Input records:
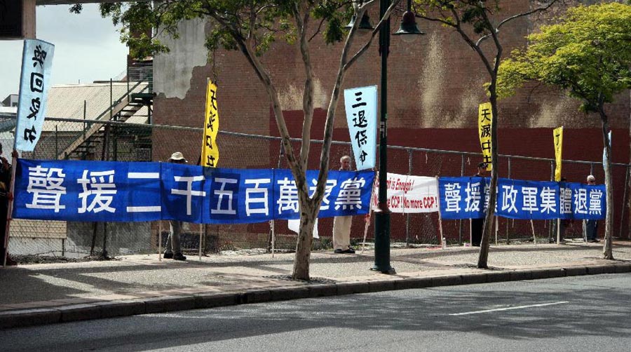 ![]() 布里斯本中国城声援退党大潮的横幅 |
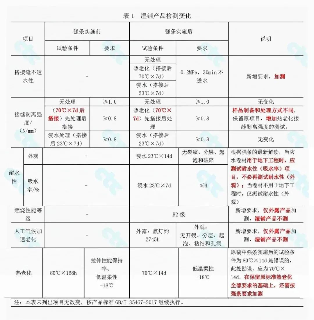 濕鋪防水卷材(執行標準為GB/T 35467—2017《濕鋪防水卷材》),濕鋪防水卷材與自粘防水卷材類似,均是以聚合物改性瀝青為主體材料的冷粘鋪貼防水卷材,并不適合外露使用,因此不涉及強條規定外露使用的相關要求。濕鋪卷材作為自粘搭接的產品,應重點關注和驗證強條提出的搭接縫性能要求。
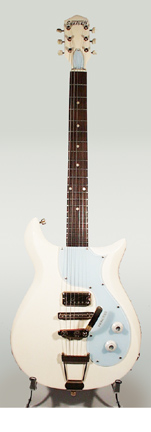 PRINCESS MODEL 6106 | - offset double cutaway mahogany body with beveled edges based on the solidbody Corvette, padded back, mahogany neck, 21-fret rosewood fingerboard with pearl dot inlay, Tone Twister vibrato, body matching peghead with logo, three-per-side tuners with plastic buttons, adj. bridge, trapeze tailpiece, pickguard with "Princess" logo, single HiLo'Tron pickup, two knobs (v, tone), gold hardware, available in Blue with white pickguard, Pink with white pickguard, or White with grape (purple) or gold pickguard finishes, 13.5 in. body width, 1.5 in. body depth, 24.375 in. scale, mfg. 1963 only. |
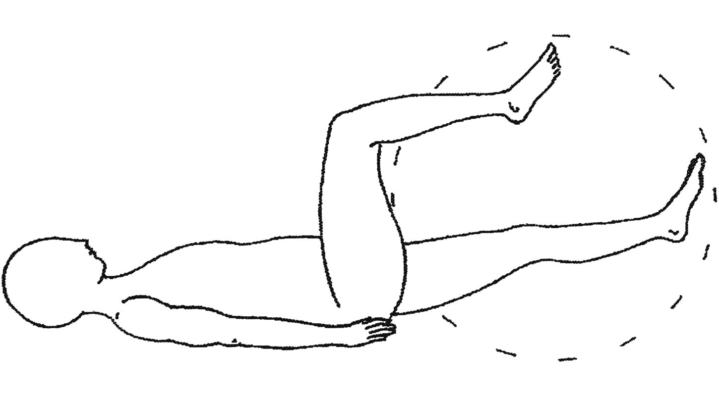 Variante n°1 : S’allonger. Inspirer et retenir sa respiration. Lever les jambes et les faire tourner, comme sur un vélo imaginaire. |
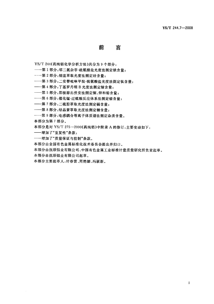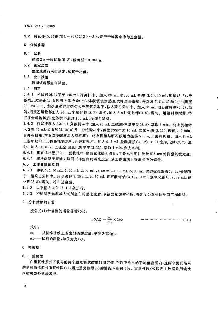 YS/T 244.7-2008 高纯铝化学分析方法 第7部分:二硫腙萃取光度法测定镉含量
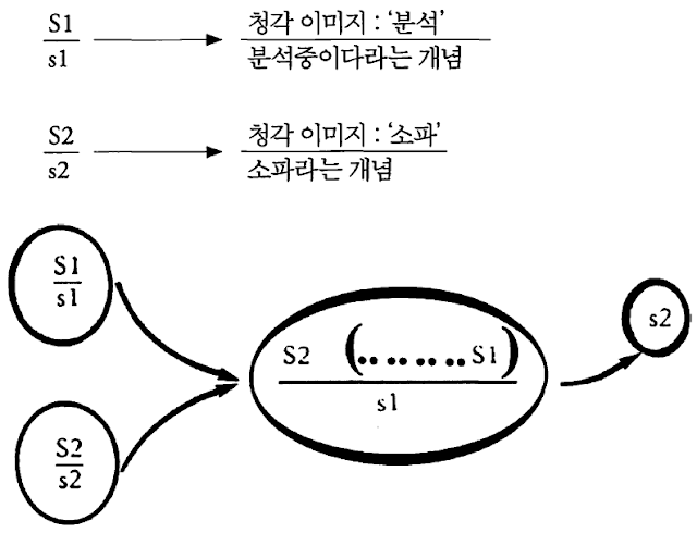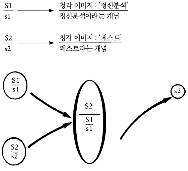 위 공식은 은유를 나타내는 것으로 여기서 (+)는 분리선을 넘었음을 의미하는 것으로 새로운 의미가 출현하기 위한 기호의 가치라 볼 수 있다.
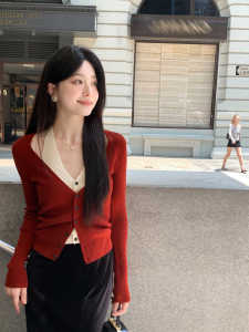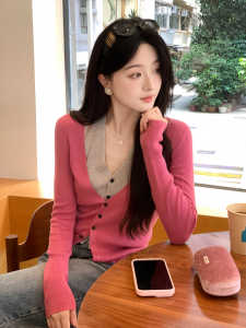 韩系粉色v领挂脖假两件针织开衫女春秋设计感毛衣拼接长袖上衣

What the task requires:
Nothing but the lines from the line with "Variante n°1 : S’allonger." through the last line of the listing above should be repeated, and pictures should be left out.

Answer:
 Variante n°1 : S’allonger. Inspirer et retenir sa respiration. Lever les jambes et les faire tourner, comme sur un vélo imaginaire. |
 YS/T 244.7-2008 高纯铝化学分析方法 第7部分:二硫腙萃取光度法测定镉含量
 위 공식은 은유를 나타내는 것으로 여기서 (+)는 분리선을 넘었음을 의미하는 것으로 새로운 의미가 출현하기 위한 기호의 가치라 볼 수 있다.
 韩系粉色v领挂脖假两件针织开衫女春秋设计感毛衣拼接长袖上衣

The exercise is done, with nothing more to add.